D'oh!  I thought our production machine (where the error occurred) had the
same amount of memory as our test machine, but it doesn't:  I configured
the test machine with 15GB of memory, but the production machine only has
4GB.  That would explain it.

Thank you very much!

-- Scott

On Tue, Nov 24, 2020 at 9:23 AM Ilya Kasnacheev <[email protected]>
wrote:

> Hello!
>
> It seems that you have run out of available memory. I.e., your operating
> system could not allocate more memory even though the demand was still in
> the range permitted by data region configuration. How much RAM do you have
> on that machine?
>
> That you still have heap left is irrelevant here, since the allocation is
> for non-heap memory.
>
> Regards,
> --
> Ilya Kasnacheev
>
>
> пн, 23 нояб. 2020 г. в 21:44, Scott Prater <[email protected]>:
>
>> Hello,
>>
>> I recently ran into an out-of-memory error on a durable persistent cache
>> I set up a few weeks ago.  I have a single node, with durable persistence
>> enabled, as well as WAL archiving.  I'm running Ignite ver.

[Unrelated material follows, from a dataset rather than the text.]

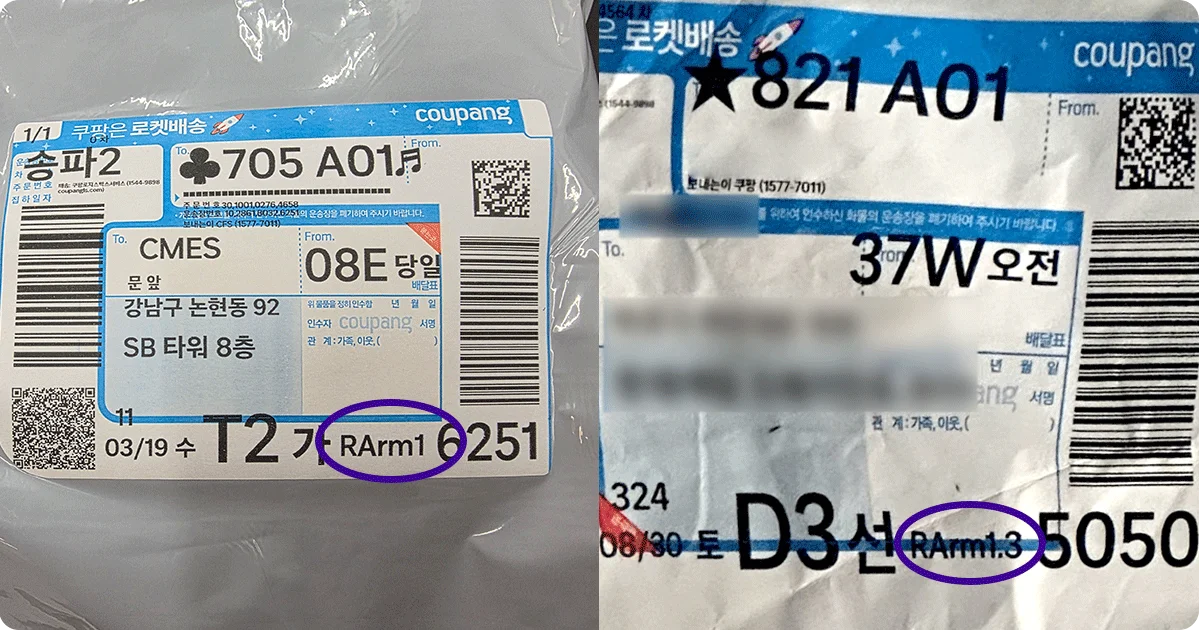 이커머스 시대의 상징인 로켓배송의 뒤에는 피지컬 AI가 있습니다. 쿠팡 배송 송장에서 발견할 수 있는 "R-Arm" 문구는 피스피킹 로봇이 직접 출고 제품을 인식하고 피킹, 포장까지 완료했다는 의미입니다. 피스피킹 로봇은 3D 비전으로 상품의 크기와 형태, 위치를 파악하고, 최적의 그립 방식을 AI로 계산해 로봇이 정확하게 집어 올립니다. 시간 당 600개 처리량을 선보이고 지치지 않으며, 24시간 쉬지 않고 일할 수 있는 이 AI 로봇 솔루션 덕분에 우리는 ‘로켓배송’의 편리함을 누릴 수 있는 것이죠.

>> 2.8.1#20200521-sha1:86422096.
>>
>> I looked at the stack trace, but I couldn't get a clear fix on what part
>> of the system ran out of memory, or what parameters I should change to fix
>> the problem.  From what I could tell of the stack dump, it looks like the
>> WAL archive ran out of memory;  but the memory usage report that occurred
>> just a minute before the exception showed plenty of memory was available.
>>
>> Can someone with more experience tuning Ignite memory point me towards
>> the configuration parameters I should adjust?  Below are my log and my
>> configuration.  ( I have read the wiki page on memory tuning, but I'm happy
>> to be referred back to it.)
>>
>> The log, with the metrics right before the OOM exception, then the OOM
>> exception:
>>
>> [2020-11-22T19:20:39,787][INFO ][grid-timeout-worker-#22][IgniteKernal]

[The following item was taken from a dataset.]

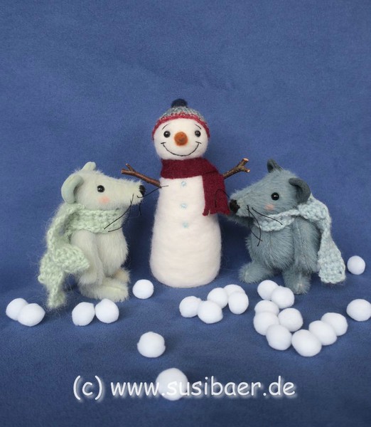 Die beiden haben ihren gefilzten Schneemann dabei
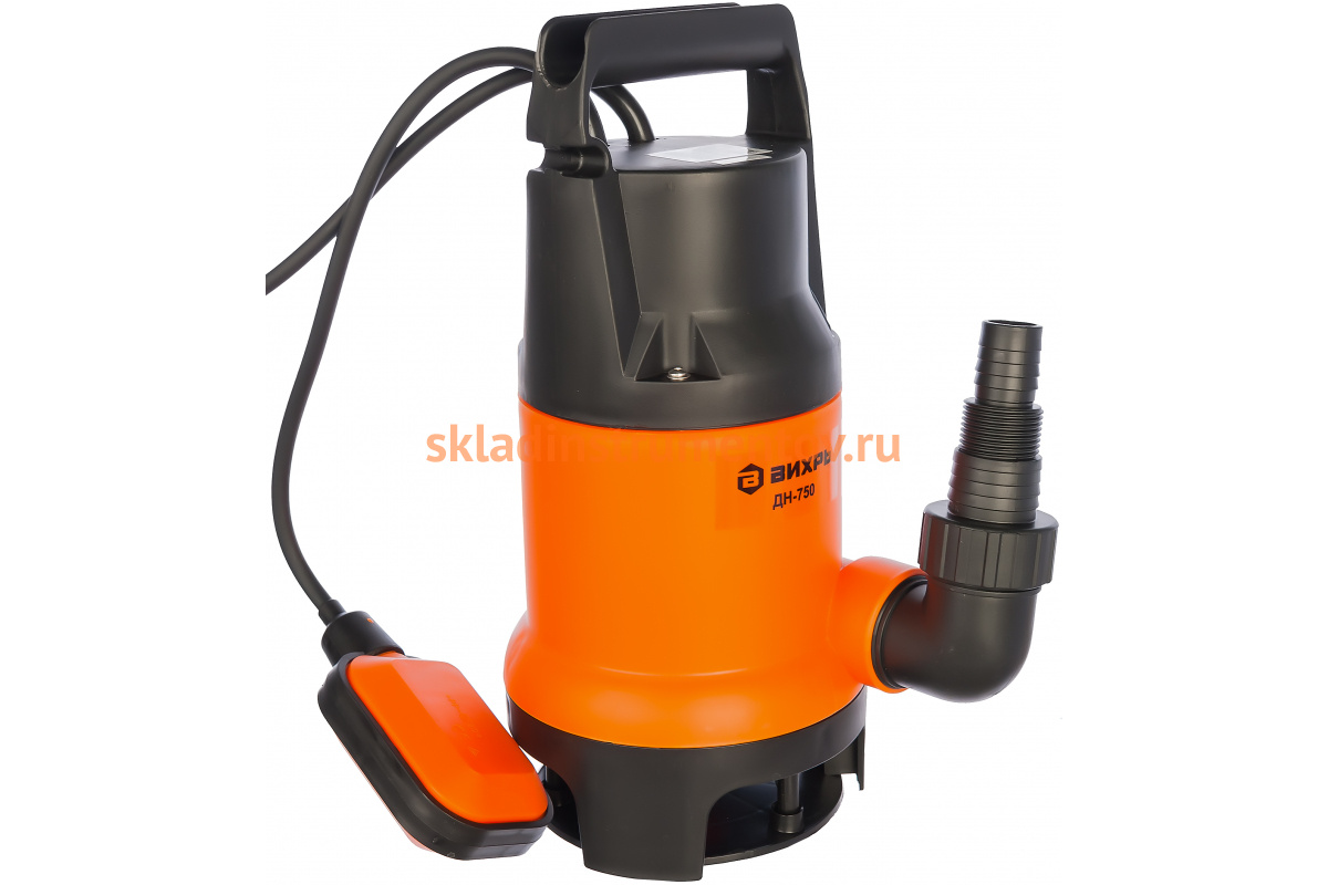 Дренажный насос Вихрь ДН-750 используется для откачивания вод из подтопленных помещений или в качестве силового агрегата в системах орошения. Насос оснащен производительным двигателем 750 Вт, в котором предусмотрен датчик для защиты от перегрева. Устройство автоматически включается и выключается при критическом уровне воды, благодаря поплавковому механизму.

>> Metrics for local node (to disable set 'metricsLogFrequency' to 0)
>>     ^-- Node [id=2845fe3e, uptime=5 days, 15:08:38.033]

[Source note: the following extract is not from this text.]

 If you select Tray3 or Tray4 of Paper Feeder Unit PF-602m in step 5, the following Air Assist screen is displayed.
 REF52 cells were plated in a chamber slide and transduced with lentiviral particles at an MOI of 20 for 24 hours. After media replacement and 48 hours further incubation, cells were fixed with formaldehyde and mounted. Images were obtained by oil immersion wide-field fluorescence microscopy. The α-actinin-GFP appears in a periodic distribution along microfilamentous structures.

>>     ^-- Cluster [hosts=1, CPUs=4, servers=1, clients=0, topVer=1,
>> minorTopVer=1]
>>     ^-- Network [addrs=[0:0:0:0:0:0:0:1%lo, xxx.xxx.xxx.xxx, 127.0.0.1,
>> yyy.yyy.yyy.yyy], discoPort=47500, commPort=47100]
>>     ^-- CPU [CPUs=4, curLoad=0.33%, avgLoad=0.29%, GC=0%]
>>     ^-- Heap [used=316MB, free=62.34%, comm=812MB]
>>     ^-- Off-heap memory [used=4288MB, free=33.45%, allocated=6344MB]
>>     ^-- Page memory [pages=1085139]
>>     ^--   sysMemPlc region [type=internal, persistence=true,
>> lazyAlloc=false,
>>       ...  initCfg=40MB, maxCfg=100MB, usedRam=0MB, freeRam=99.99%,
>> allocRam=100MB, allocTotal=0MB]
>>     ^--   default_region region [type=default, persistence=true,
>> lazyAlloc=true,
>>       ...  initCfg=256MB, maxCfg=6144MB, usedRam=4288MB, freeRam=30.2%,
>> allocRam=6144MB, allocTotal=4240MB]
>>     ^--   metastoreMemPlc region [type=internal, persistence=true,
>> lazyAlloc=false,
>>       ...  initCfg=40MB, maxCfg=100MB, usedRam=0MB, freeRam=99.94%,
>> allocRam=0MB, allocTotal=0MB]
>>     ^--   TxLog region [type=internal, persistence=true, lazyAlloc=false,
>>       ...  initCfg=40MB, maxCfg=100MB, usedRam=0MB, freeRam=100%,
>> allocRam=100MB, allocTotal=0MB]
>>     ^-- Ignite persistence [used=4240MB]
>>     ^-- Outbound messages queue [size=0]
>>     ^-- Public thread pool [active=0, idle=0, qSize=0]
>>     ^-- System thread pool [active=0, idle=6, qSize=0]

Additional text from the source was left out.